Need som help with an issue loading a subdirectory from S3 bucket using auto-loader. For example:
S3://path1/path2/databases*/paths/
In databases there are various versions of databases. For example
path1/path2/database_v1/sub_path/*.parquet
path1/path2/database_v2/sub_path/*.parquet
path1/path2/database_v3/sub_path/*.parquet
What's happening? - Well somehow it takes "database*" as a directory name literally. When it does not found that path it move one path behind.
"Listing s3://path1..."
And obviously it stay in that listening because from path1 to sub_path/*.parquet there are a lot of different schemas to explore.
Already tried "cloudFiles.recursiveFileLookup": "true"
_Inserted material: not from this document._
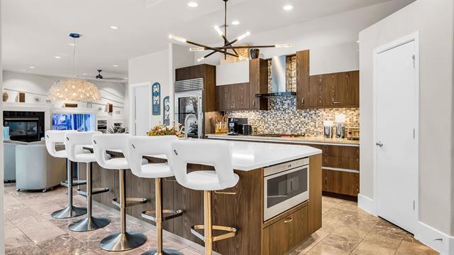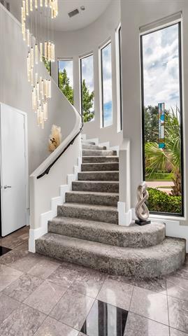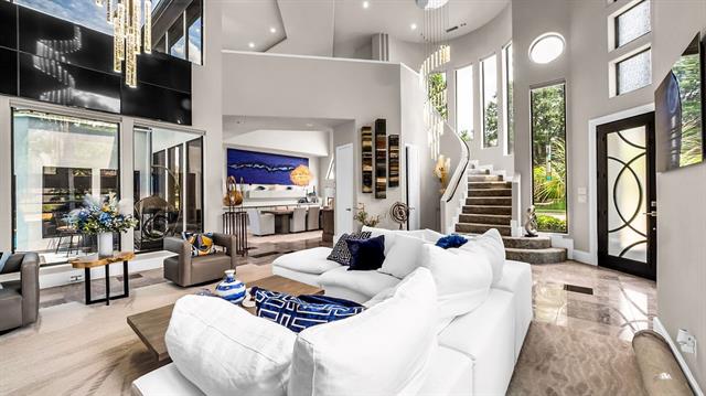 There is but one word that describes this truly one of a kind custom built home, and that is... Lifestyle. You are stepping into a new life of excellence and the theme of three that carries through this well thought out design. So many improvements made with care and taste have been applied to bring out the very most in custom textures, natural stone counters, imported cabinetry, over $250,000 in home automation with studio quality audio, and 4K video! The kitchen is nothing short of magnificent with a built in glass front Sub Zero refrigerator, Wolf gas five burner gas cooktop, dual Asko dishwashers, dual beverage coolers, double oven, roll out micro, Italian cabinetry, Canadian quartz center island measuring 10x5 allows for more than ample bar seating. The primary bedroom has the greatest views pool area. Ceiling to floor windows allow natural light and amazing views. The primary en suite bath has been reimagined with huge walk in shower wrapped in Italian tile, and glass surround. The primary closet is a room all its own with built ins, storage, and space to move around. The downstairs guest suite should not be missed with built in bar, separate entrance, and direct pool access will spoil your most special visitor. The absolute grandeur of the backyard is truly resort style living with waterfall spa, island in the center of the pool, with outdoor cooking station and bar. The entry foyer towers with two story ceilings open to the breath taking formal living and dining areas with the walls of glass pouring in the light. Make your way upstairs to the entertainment level with open living area with bar and views of the backyard. The Media room will keep you out of the theater without a doubt with the most impressive cinematic you will experience anywhere! The gated motor court has three car tandem garages, with extra parking and circle drive. So many great things to see and live in the absolutely beautiful home, you must experience yourself. Be the one who says yes!

Also tried to pass a list but Databricks does not supports directory list.
Code:
autoloader_options = {
"cloudFiles.format": "parquet",
"cloudFiles.schemaLocation":f'{defs["schema_checkpoint_name"]}'
}
# AutoLoader
readstream_dataframe_autoloader = (
spark.readStream
.format("cloudFiles")
.options(**autoloader_options)
.load(
'S3://path1/path2/databases*/sub_path/bank_fee '
)
)
# No Autoloader works perfectly. But the project precise to use Auto loader feture.
df_transaction = (
spark.readStream
.format("parquet")
.option("rowsPerSecond", 100)
.schema(<someschema>)
.load("S3://path1/path2/databases*/paths/")
)